I've had Nubians and Alpines. I liked all my Nubian milk just fine--they were both littermate twins, so they tasted alike. One of my Alpines has the very best milk I have ever tasted, one tastes very similar to my Nubians, and one (the FF) ...I'm not crazy about her milk--has an aftertaste if I don't include BOSS in her diet (but she's the absolute sweetest goat I've ever met, so...). So, while each breed has a certain amount of butterfat on average, the goats don't necessarily read those statistics.  So, I second the advise to visit farms and taste milk. My Alpines are very friendly. Everyone told me they would beat the snot out of my Nubians when they came, and nothing could be farther from the truth. While it may be true of some, mine are particularly sweet, I suppose. (Tracy culls for personality, so that's probably why.  )

I love that I get more milk in less hoof trimings. I love that they are quiet. I love their personalities--smart and sweet. They are great on the milkstand, even the FF. My bucks are really laid back and I actually enjoy them! Their kids learn how to nurse fast (Alpine kids took one day--Nubian kids took a week! They wore me out!) 

Negatives--they are much smarter than my Nubians were, which is nice in many regards, but it can be a drawback-- they will figure out how to unlatch gates and things more easily, and are more inquisitive, so you have to think ahead of them a little more. They also require shaving in the summer for the heat, even though I don't show. (but they don't stand huddled in a corner all winter, so that's a positive) 

For me, shaving is SO worth the peace and quiet I have found by switching breeds. Milking is ever so much more pleasant as well. They stand still, tuck their hips, and eat slowly. I'm not at the races and they like their job!


----------



## Hollybrook (Jul 17, 2009)

What happend w/getting Toggs?


----------



## Rose (Oct 26, 2007)

My full blood Alpine doe is herd queen. She is THE BOSS, and she'll let anyone know. She even gets angry if I milk someone else first and runs to the bottom of the pasture.
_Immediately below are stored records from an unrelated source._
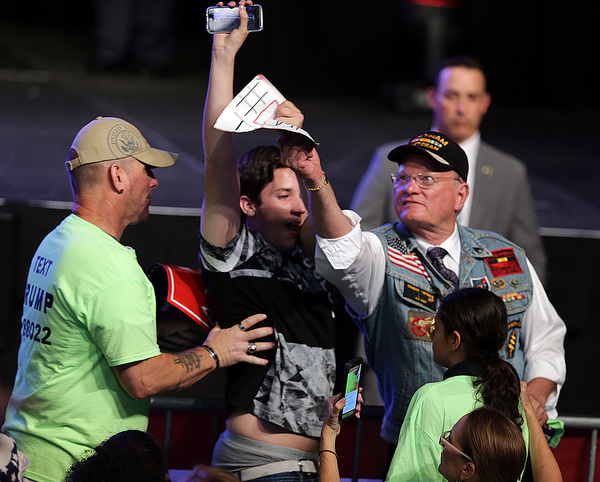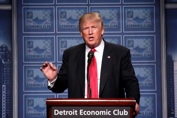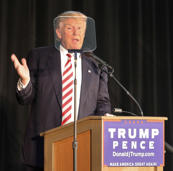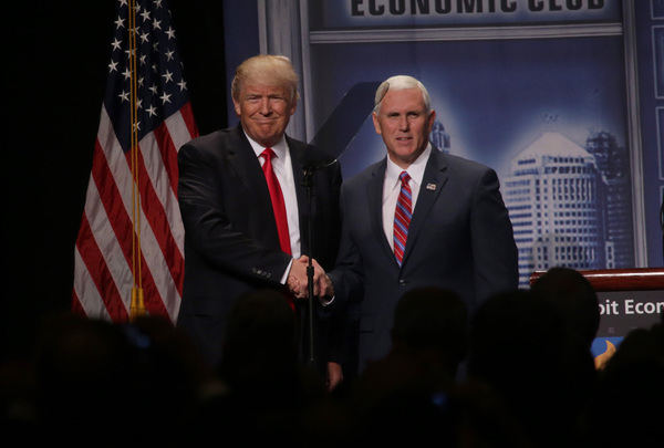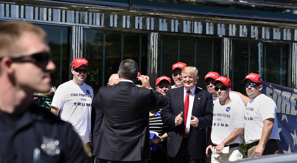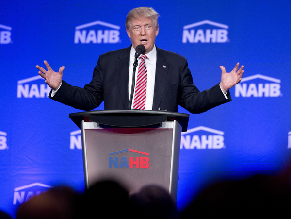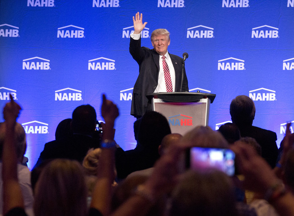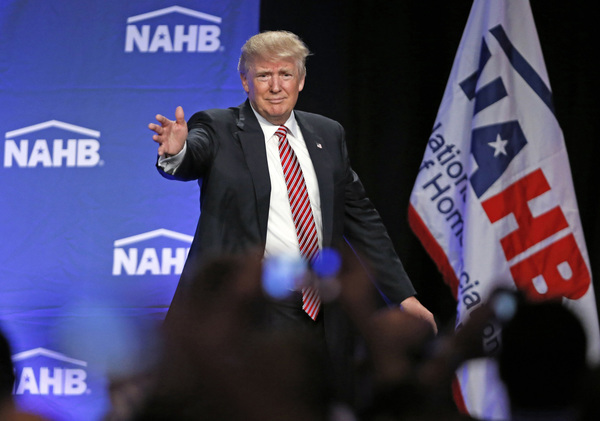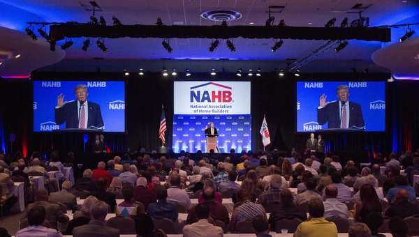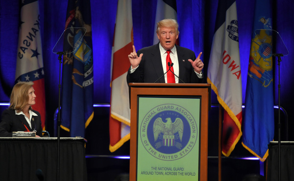 Association members greeted Trump's speech _ which briefly included plans for "major rebuilding of the entire military and the elimination of the defense sequester" as well as "the best, modern state-of-the-art equipment in the world" _ with a standing ovation.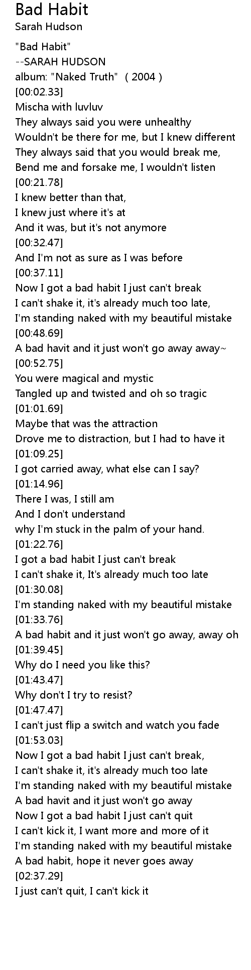 | [00:37.67] | Now I got a bad habit I just can' t break |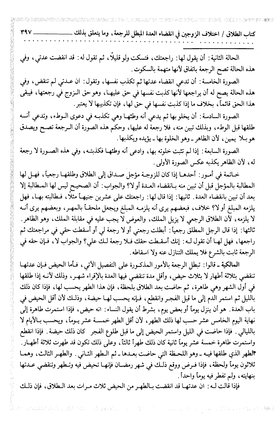 خاتمة في أمور: أحدها إذا كان للزوجة مؤجل صداق إلى الطلاق وطلقها رجعياً، فهل لها المطالبة بالمؤجل قبل أن تبين منه بانقضاء العدة أو لا؟ والجواب: أن الصحيح ليس لها المطالبة إلا بعد أن تبين بانقضاء العدة. ثانيها: إذا قال لها: راجعتك على عشرين جنيهاً مثلاً، فطالبته بها، فهل يلزمه المبلغ أو لا؟ خلاف، فبعضهم يرى أنه يلزمه المبلغ ويجعل ملحقاً بالمهر، وبعضهم يرى أنه لا يلزمه، لأن الطلاق الرجعي لا يزيل الملك، والعوض لا يجب عليه في مقابلة الملك، وهو الظاهر. ثالثها: إذا قال الرجل المطلق رجعياً: أبطلت رجعتي أو لا رجعة لي أو أسقطت حقي في مراجعتك ثم راجعها، فهل لها أن تقول له: إنك أسقطت حقك فلا رجعة لك علي؟ والجواب لا، فإن حقه في الرجعة ثابت بالشرع فلا يملك التنازل عنه ولا اسقاطه. المالكية - قالوا: تبطل الرجعة بالأمور المذكورة على التفصيل الآتي، فأما الحيض فإن عدتها تنقضي بثلاثة أطهار لا بثلاث حيض، وأقل مدة تنقضي فيها العدة بالإقراء شهر، وذلك لأنه إذا طلقها في أول الشهر وهي طاهرة، ثم حاضت بعد الطلاق بلحظة، فإن هذا الطهر يحسب لها، فإذا كان ذلك بالليل ثم استمر الدم إلى ما قبل الفجر وانقطع، فإنه يحسب لها حيضة، وذلك لأن أقل الحيض في باب العدة. هو أن ينزل يوماً أو بعض يوم، بشرط أن يقول النساء: إنه حيض، فإذا استمرت طاهرة إلى نهاية اليوم الخامس عشر حسب لها ذلك الطهر، لأن أقل الطهر خمسة عشر يوماً، ويحسب بالأيام لا بالليالي. فإذا حاضت في الليل واستمر الحيض إلى ما قبل طلوع الفجر كان ذلك حيضة. فإذا انقطع واستمرت طاهرة خمسة عشر يوماً ثانية كان ذلك طهراً ثالثاً، وعلى ذلك تكون قد طهرت ثلاثة أطهار. الطهر الذي طلقها فيه - وهو اللحظة التي حاضت بعدها - ثم الطهر الثاني.

My full blood Alpine buck is a sweetie. Very gentle, very well mannered.


----------



## mill-valley (Feb 22, 2008)

I love my Alpines. I don't find that their attitudes are any different than the other breeds I've owned and I love how they milk their hearts out and come in all color patterns. I never could tell a difference in milk taste between breeds.
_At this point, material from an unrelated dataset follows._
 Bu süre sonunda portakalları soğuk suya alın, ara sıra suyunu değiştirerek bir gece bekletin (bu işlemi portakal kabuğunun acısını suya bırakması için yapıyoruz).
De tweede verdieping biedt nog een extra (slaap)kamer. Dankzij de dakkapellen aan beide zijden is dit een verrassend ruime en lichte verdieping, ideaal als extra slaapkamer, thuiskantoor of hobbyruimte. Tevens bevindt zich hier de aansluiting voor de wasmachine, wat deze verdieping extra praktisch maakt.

Biggest thing is personality changes a LOT from goat to goat regardless of breed. Taste has a lot to do with what the goat is fed and how the milk is handled. Find a sound, calm, healthy goat and you will enjoy her regardless of breed.


----------



## Caprine Beings (Sep 19, 2008)

Alpines can be nasty though. They can bite, bash, and stampede. I have found one thing with alpines, if they get a notion they don't like one of the herd--that individual needs to be moved before health problems arise. They can be merciless.
Other than that they are sweet, very personable animals. Well tempered on the stand and during handling. They do have a mischieviousness about them that I personally love Ours can talk through facial expressions, very readable Love love love our alpines.

Tam


----------



## linbee (Jul 7, 2010)

Hollybrook said:


> What happend w/getting Toggs?


I still think that the Toggs are the spiffiest looking goat, but I don't want the medium to long hair. It's hot enough where I live without adding the hair. Then, the thing about their milk tasting funny - heard that from several people.


----------



## linbee (Jul 7, 2010)

stoneyheightsfarm said:


> They also require shaving in the summer for the heat, even though I don't show. (but they don't stand huddled in a corner all winter, so that's a positive)
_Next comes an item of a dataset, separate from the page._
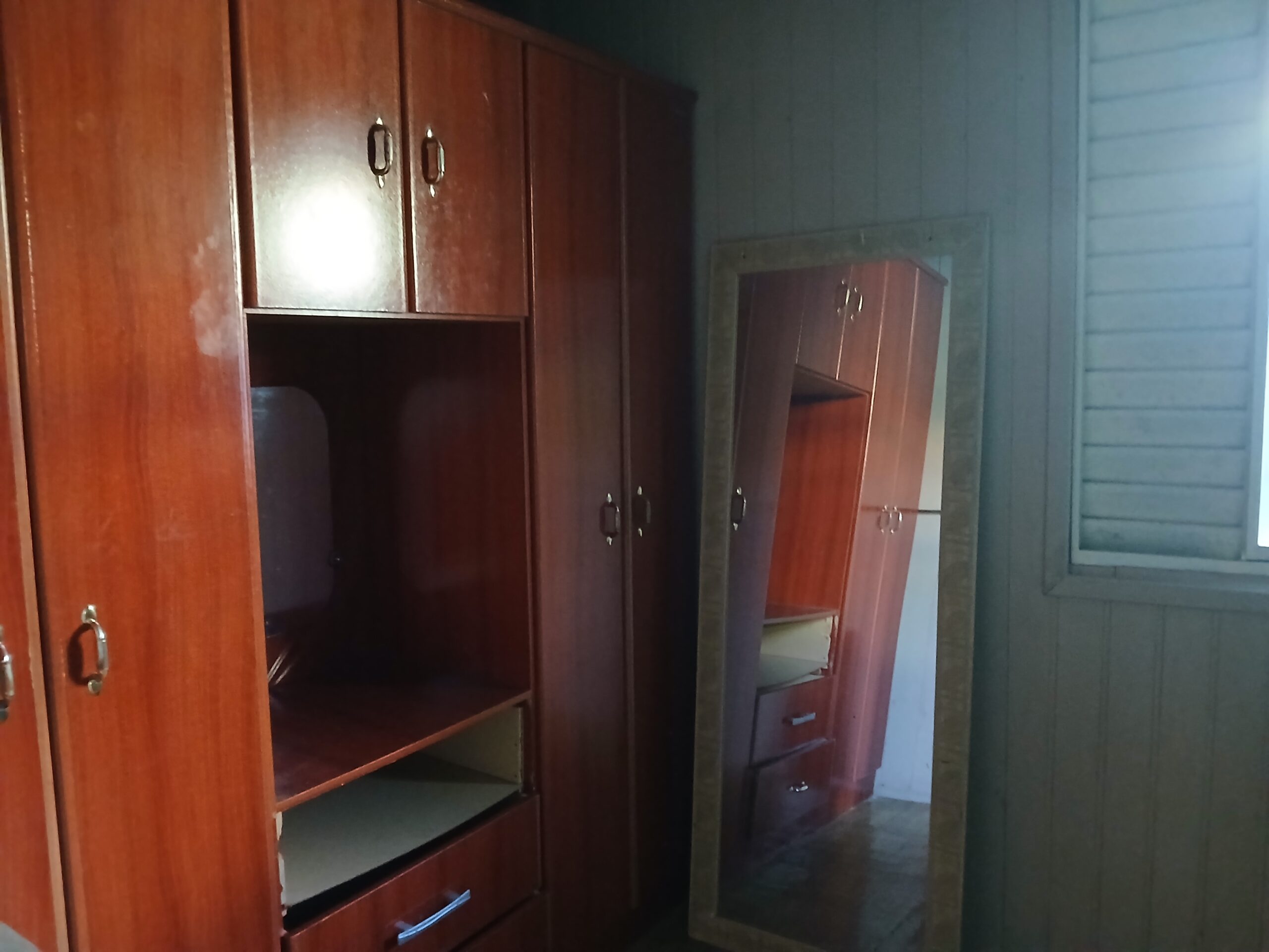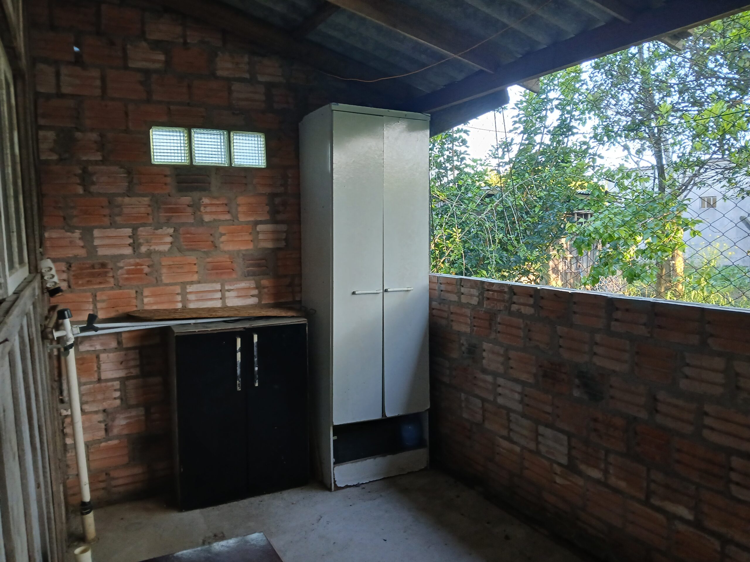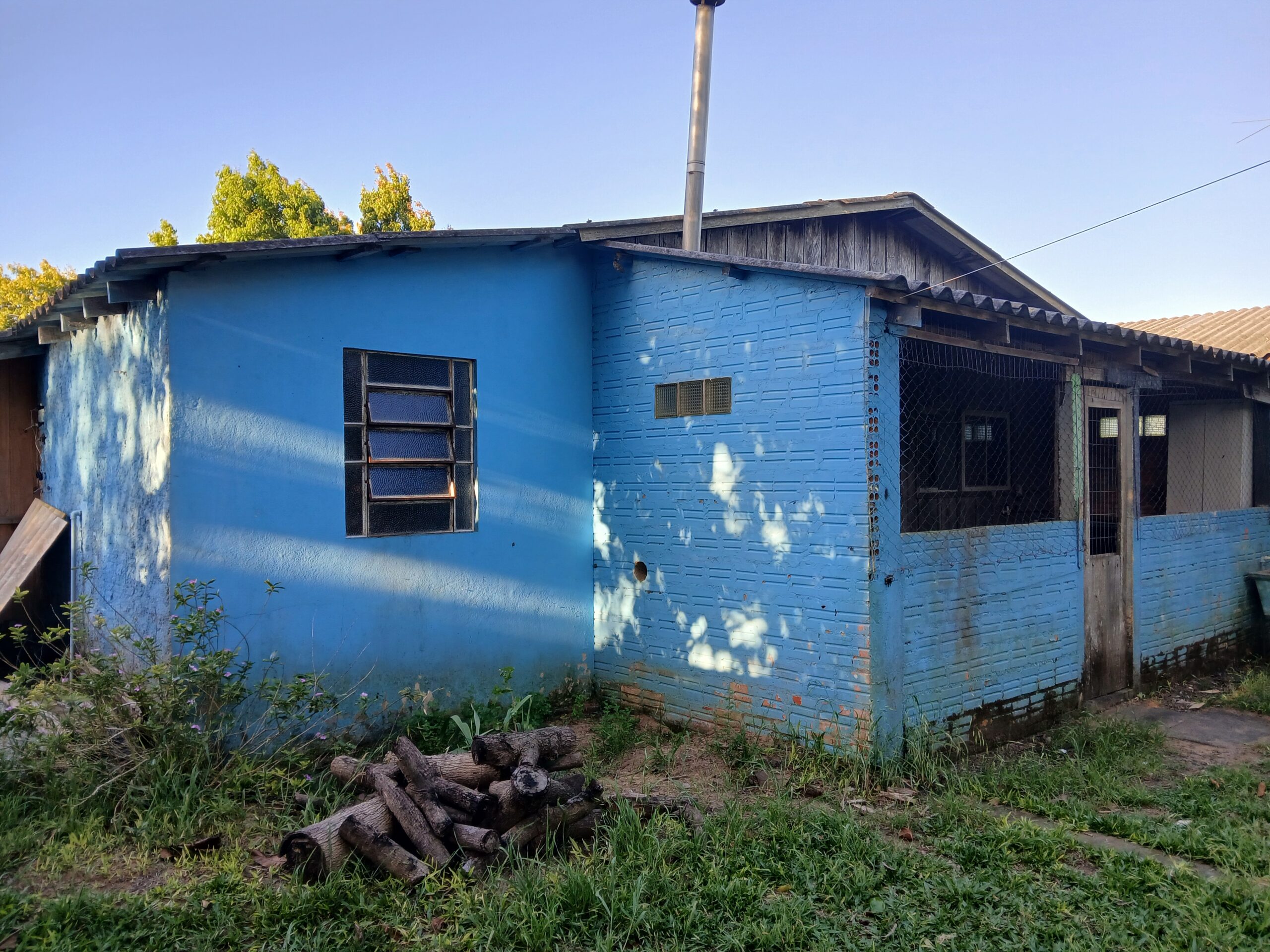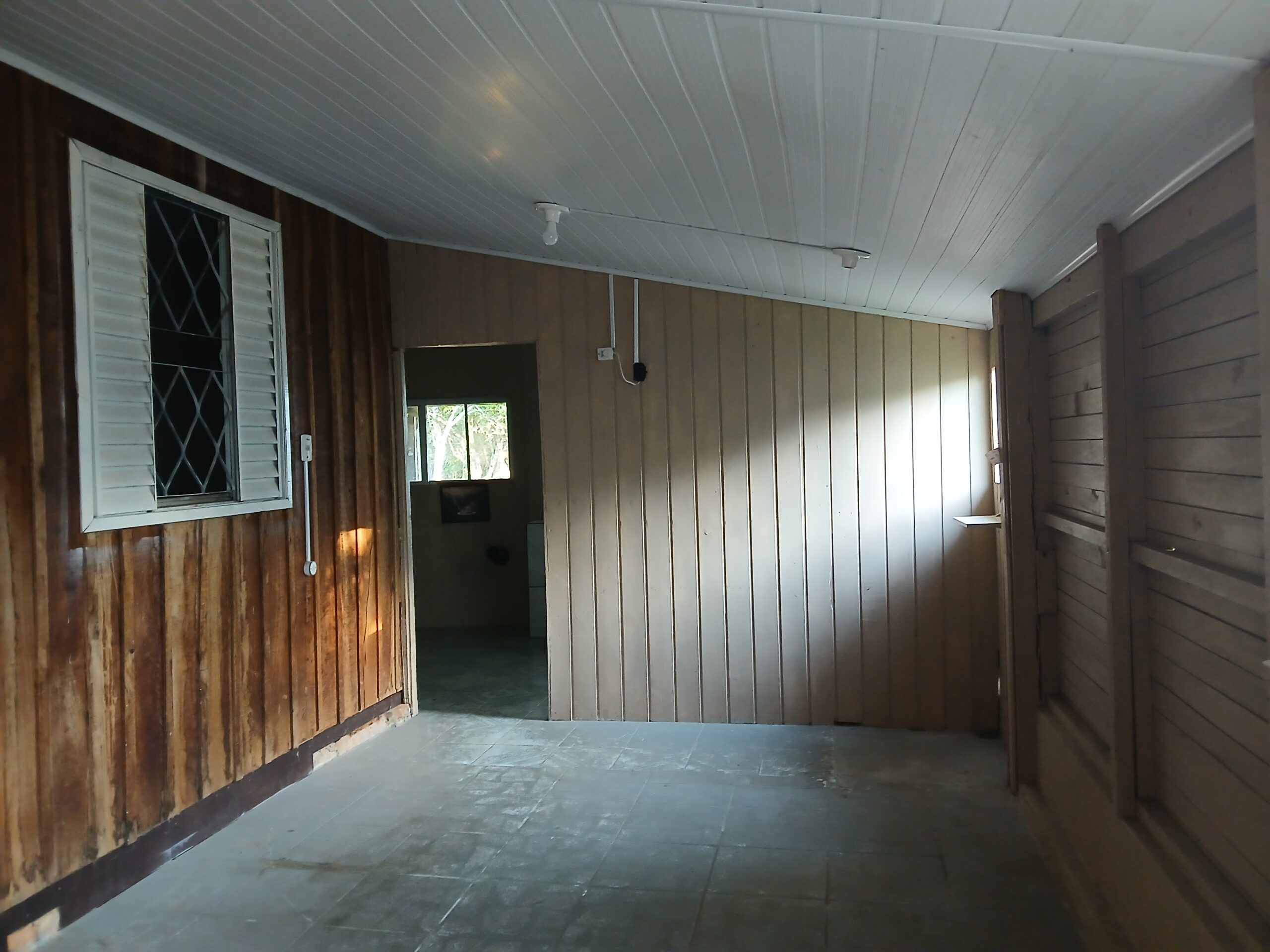 Casa mista com 3 dormitórios, sala, cozinha ampla com entrada para fogão a lenha, banheiro, lavabo, garagem e área nos fundos.

Do you have to do all over shaving? Maybe the ones I saw had already been shaved because I didn't notice that they were "hairy".


----------



## Rose (Oct 26, 2007)

My Alpines suffer the most from heat. I have to shave them in the summer.


----------



## stoneyheightsfarm (Jan 19, 2008)

Linda, those that came as kids I shaved all over because they looked as if they really needed it. Those that came as adults and had already been shaved didn't ever look like they had to be, but I did it anyway, and they seemed to be much more comfortable. Talk to LeeAnne, since she has Alpines in your heat, too. If I had fans in the barn or something, it might not be necessary. Some folks use misters, but then some goats can't stand them. I have only shaved once this year and am debating as to whether or not I want to do it again before appraisals. So, as infrequently as it is needed, it's not that big of a deal. 

Tammy, I've seen Nubians who will bite, bash, and stampede, too, so I think it is a goat thing and not just an Alpine thing.  One (Nubian) farm I visited frequently before buying goats had a doe that would put my kids on the ground every time they went in the pen. Nasty jerk thought my two legged kids were goats and needed to know she was the queen! And from a farm that advertises "people friendly" animals--another good reason to go visit and see for yourself!


----------



## MF-Alpines (Mar 29, 2010)

Everyone is giving you really good advice. Someone mentioned health. Once you have picked what breed you're going to purchase (and of course, you can purchase more than one breed), PLEASE, PLEASE, PLEASE, ask for health papers.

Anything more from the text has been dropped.